Please print nothing but the lines from the one containing "جيبوتي توشح الدكتور" to the final line below, exactly, and no pictures.

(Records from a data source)
########################################

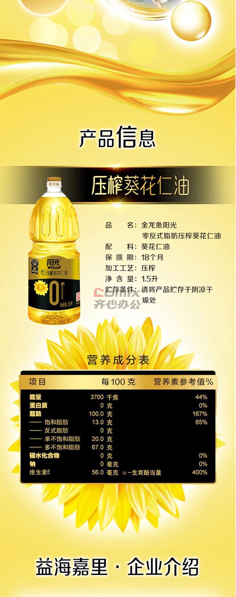 商品名称:金龙鱼 1.5L 食用油阳光零反式脂肪压榨葵花仁油 单位:桶
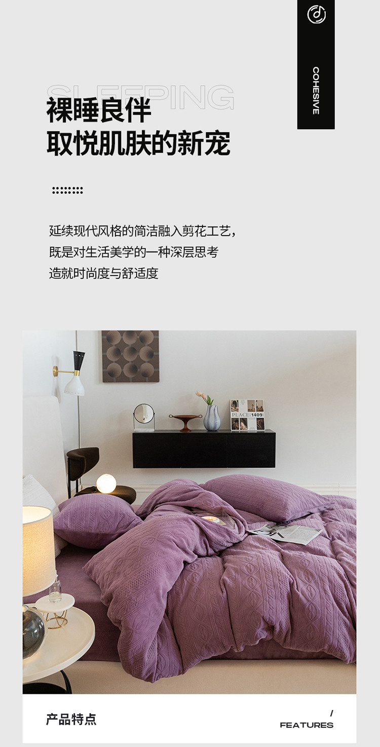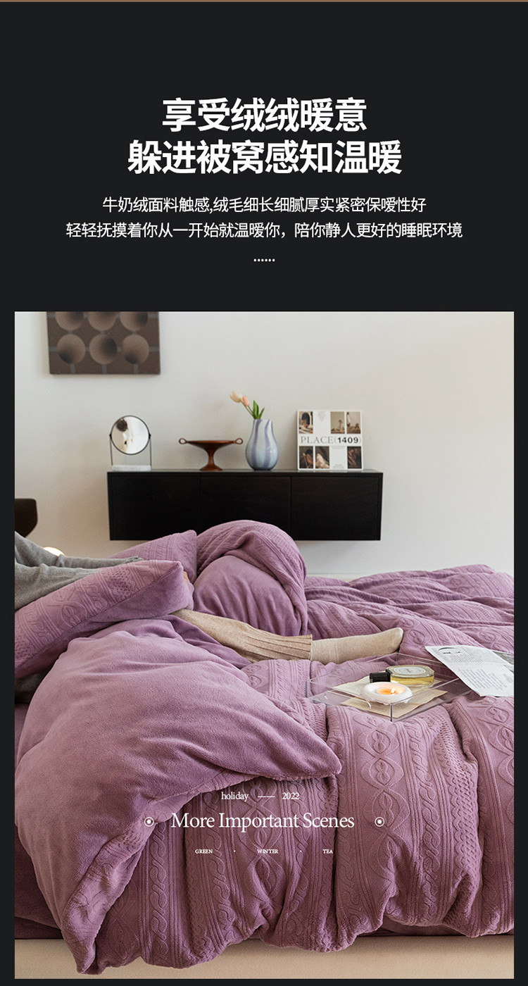 当前位置: 91家纺网 > 商品网购 > 床品套件 > 四件套 > 牛奶绒四件套 > 寐眠 2022新款牛奶绒剪花四件套 贵族紫
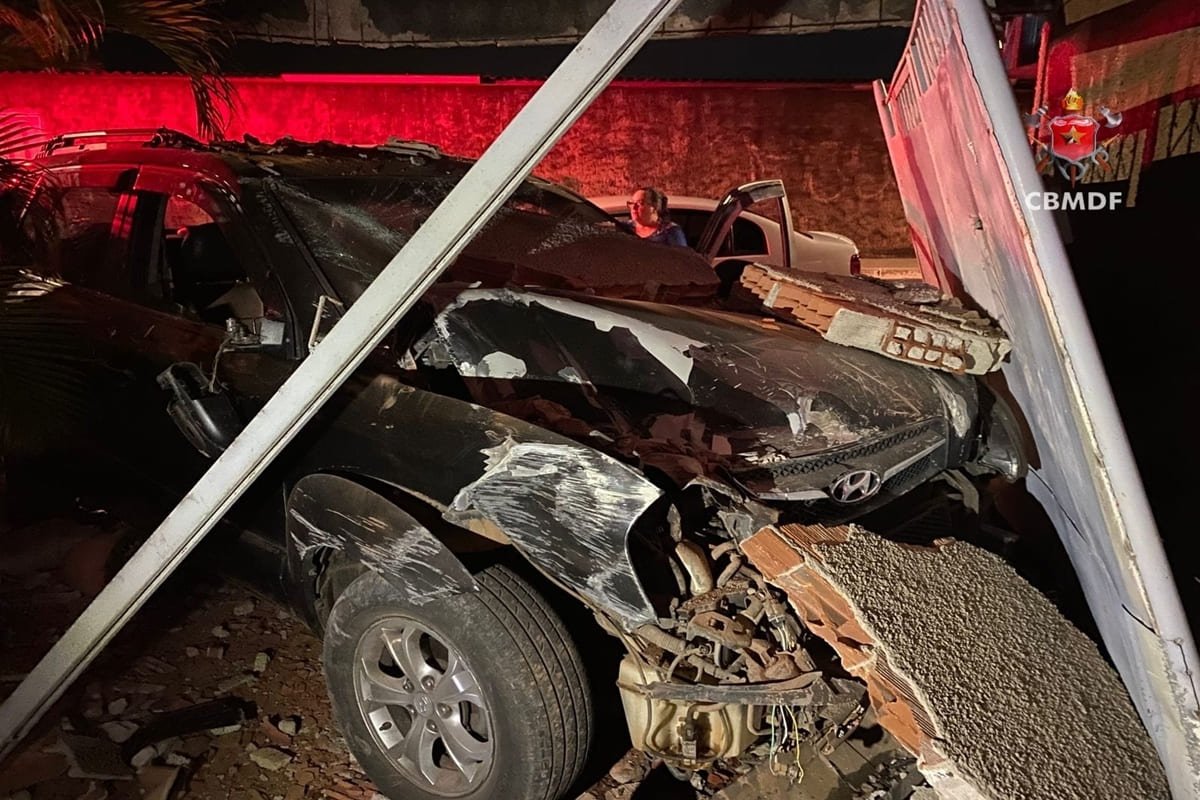 O Corpo de Bombeiros Militar do Distrito Federal (CBMDF) atendeu a ocorrência mobilizando duas viaturas de socorro e se deparou com o Hyundai Tucson, de cor preta, que havia acabado de derrubar um muro e um portão de uma casa.
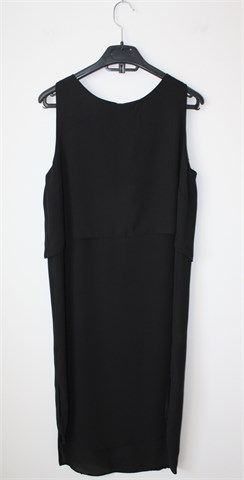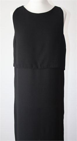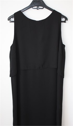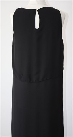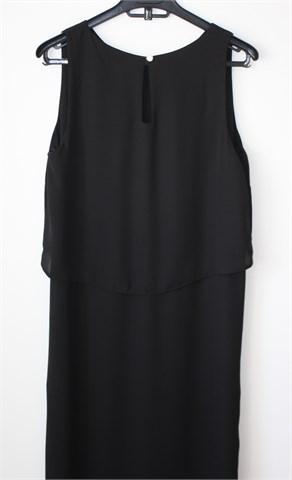 Atmosphere haljina bez rukava, crne boje. U gornjem dijelu haljina ima još jedan sloj (vidljivo na slikama), sa stražnje strane gumbić. Bočni veći prorezi, haljina je nešto duža sa stražnje strane (vidjeti mjere). Tanja i lagana (moguće blago providna), nije rastezljiva.
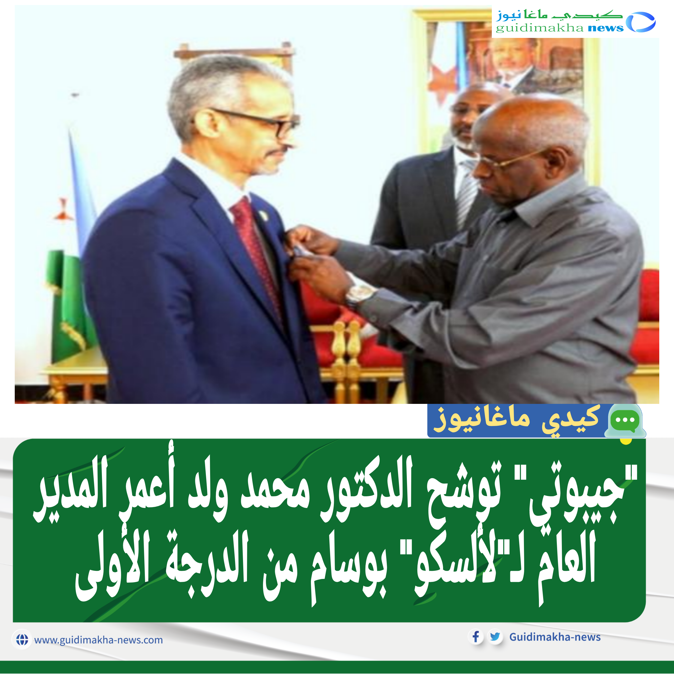 جيبوتي توشح الدكتور محمد ولد أعمر المدير العام لـ"لألسكو" بوسام من الدرجة الأولى
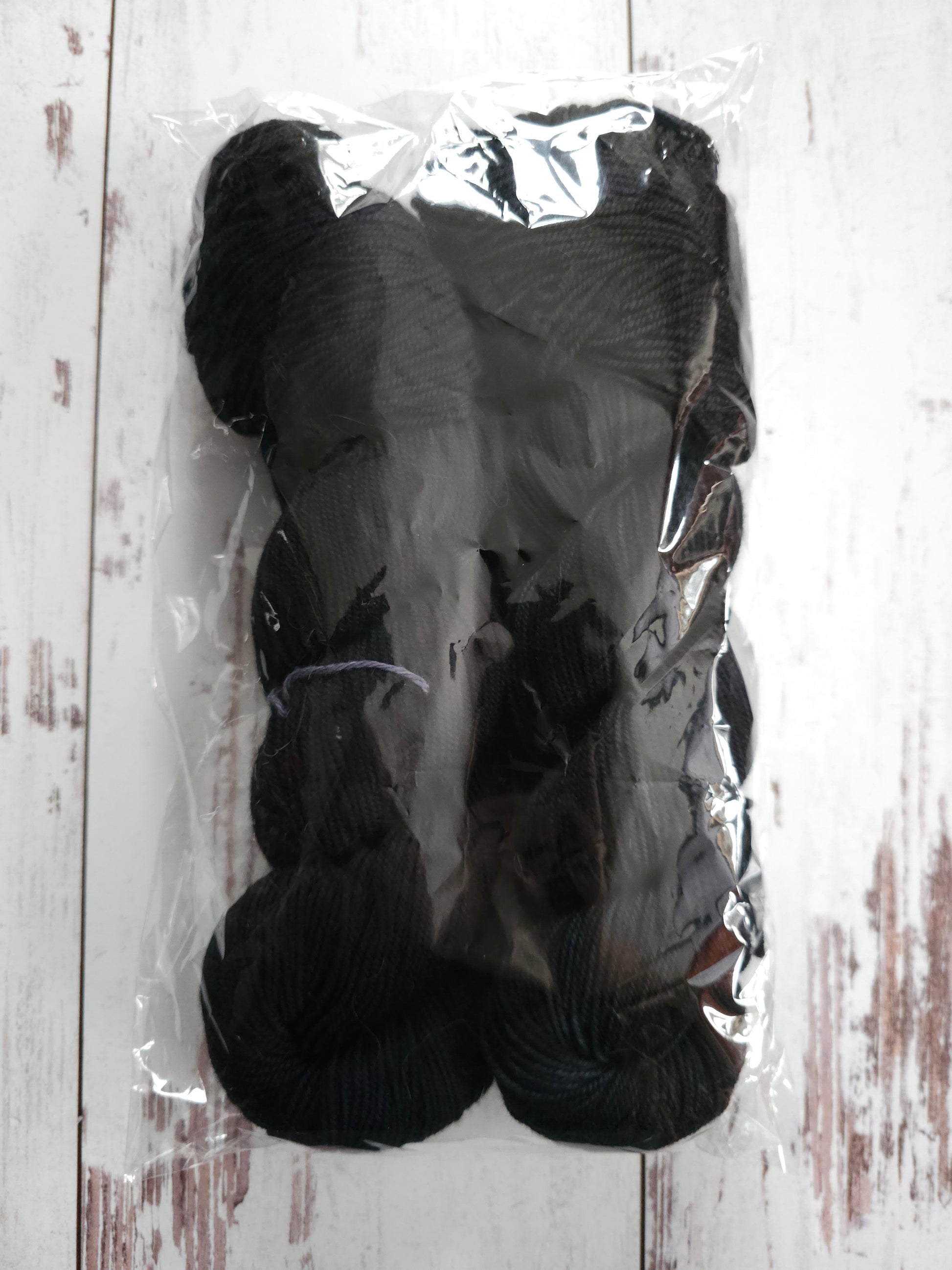 Two skeins of a blue-black dark tonal on Snowdrift Sport.

########################################

| Answer for the task |
 جيبوتي توشح الدكتور محمد ولد أعمر المدير العام لـ"لألسكو" بوسام من الدرجة الأولى
 Two skeins of a blue-black dark tonal on Snowdrift Sport.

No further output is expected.